In order to ensure the high efficiency of multi-modal feature fusion, this paper designs a cycle attention structure such as Formula (8) to ensure more adequate transmission and interaction of mixed features. $\begin{matrix} f_{c} = {cyclic}_{n} (F_a {tt}_{1}^{m} ⊙ F_{i}^{v}, F_a {tt}_{1}^{m} ⊙ F_{i}^{t}) \end{matrix}$ (8) where cyclic_n () is the feature fusion operation of cycle attention mechanism, n is the number of cycles and ⊙ is the dot product of the same position feature and weight.

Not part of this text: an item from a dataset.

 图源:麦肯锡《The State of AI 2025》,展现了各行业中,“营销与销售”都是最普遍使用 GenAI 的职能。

3.4 Image-text feature match

In order to enhance the image-text feature association, CLIP model is introduced in this paper, and BERT word embedding structure is adopted to map the words or phrases in the vocabulary to the real vector T1-TN. Then the picture is mapped to the feature vector I1-IN through attention mechanism module, so as to construct the image-text feature mixing matrix for fusion. Finally, by comparing the similarity between the text features and the image features, the feature weight with stronger ability to represent the text features is obtained. Its confusion matrix is shown in Fig. 5.

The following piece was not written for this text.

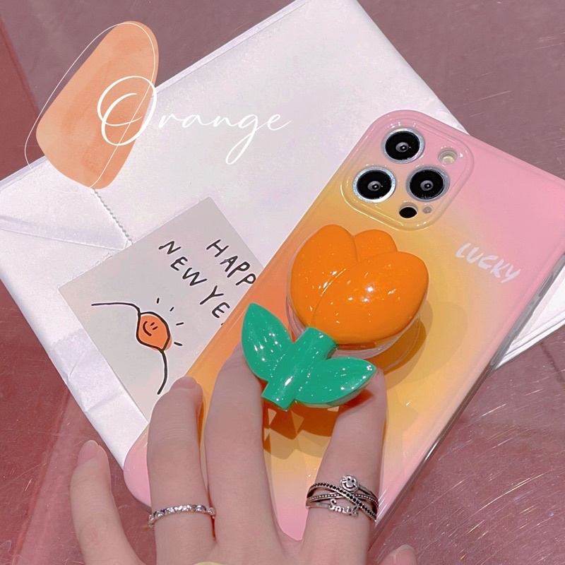 Handphone & Aksesoris > Casing & Skin > Casing & Skin Handphone > Pinky Orange Softcase With Tulip Holder for Case HP Lucu for iphone XS Max XR 11 Pro Max 12 Pro Max 13 Pro Max

The calculation process of CLIP network is as follows: $\begin{matrix} L 2_N = min \sum {(y_{i} - w^{T} x_{i})}^{2} + λ ∥ w ∥_{2}^{2} \\ I_{f} = L 2_N (F_{i}^{v} ⊙ w_{i}^{v}) \\ T_{f} = L 2_N (F_{i}^{t} ⊙ w_{i}^{t}) \\ \log i ts = (If ⊙ Tf) * et \\ L_{(i, t)} = L_{ce} (\log i ts, y_{label}) \\ L_{c} = \frac{1}{2} (L_{i} + L_{t}) \end{matrix}$ (9) where L2 _ N represents L2 regularization method; $w_{i}^{v}$ and $w_{i}^{t}$ respectively represent the weight of learning in the image-text coding network; logits represents the cosine similarity calculation results of the regularized image and text features; L_ce represents the cross entropy loss function.

Fig. 4

Text and image feature fusion matrix.

3.5 Multimodal sensitive information classification

The weights of the image and text features learned using the multimodal adaptive neural network are used for obtaining the weighted sum of the image-text features. After outputting the multimodal fusion features, three fully connected layers are added as hidden layers to enable the model to capture the nonlinear high-order correlation between the multimodal fusion features and sensitive information classes. The formalized definition of the hidden layer is as follows:

$\begin{matrix} p_{0} = w_{0} (\partial (m_{v}) F_{i}^{v} + \partial (m_{t}) F_{i}^{t}) + b_{0} \\ p_{1} = Re L U (w_{1} p_{0} + b_{1}) \\ p_{2} = Re L U (w_{2} p_{1} + b_{2}) \end{matrix}$ (10) where $F_{i}^{v}, F_{i}^{t}$ are the image and text feature representations, respectively; ∂ (m_v) , ∂ (m_t) correspond to the image and text mode weights, respectively; w₀, w₁, w₂ and b₀, b₁, b₂ are learnable weight matrixes and bias vectors, respectively; and p₀, p₁, p₂ the output neurons of the corresponding hidden layers. ReLU is used as the nonlinear activation function. Finally, the output of the hidden layer p₂ is converted to a classification prediction score by using the following formula: ${\hat{y}}_{ij} = softmax (w_{p}^{T} p_{2})$ (11) where w_P is the weight of the prediction layer. The softmax function is used during normalization to obtain the probability distribution predicted by the model. Then, the obtained probability is combined with the cross entropy loss function to obtain the classification result loss of multi-mode mixed features, as shown in the following formula: $L_{m} = \sum y_{label} \log ({\hat{y}}_{ij})$ (12)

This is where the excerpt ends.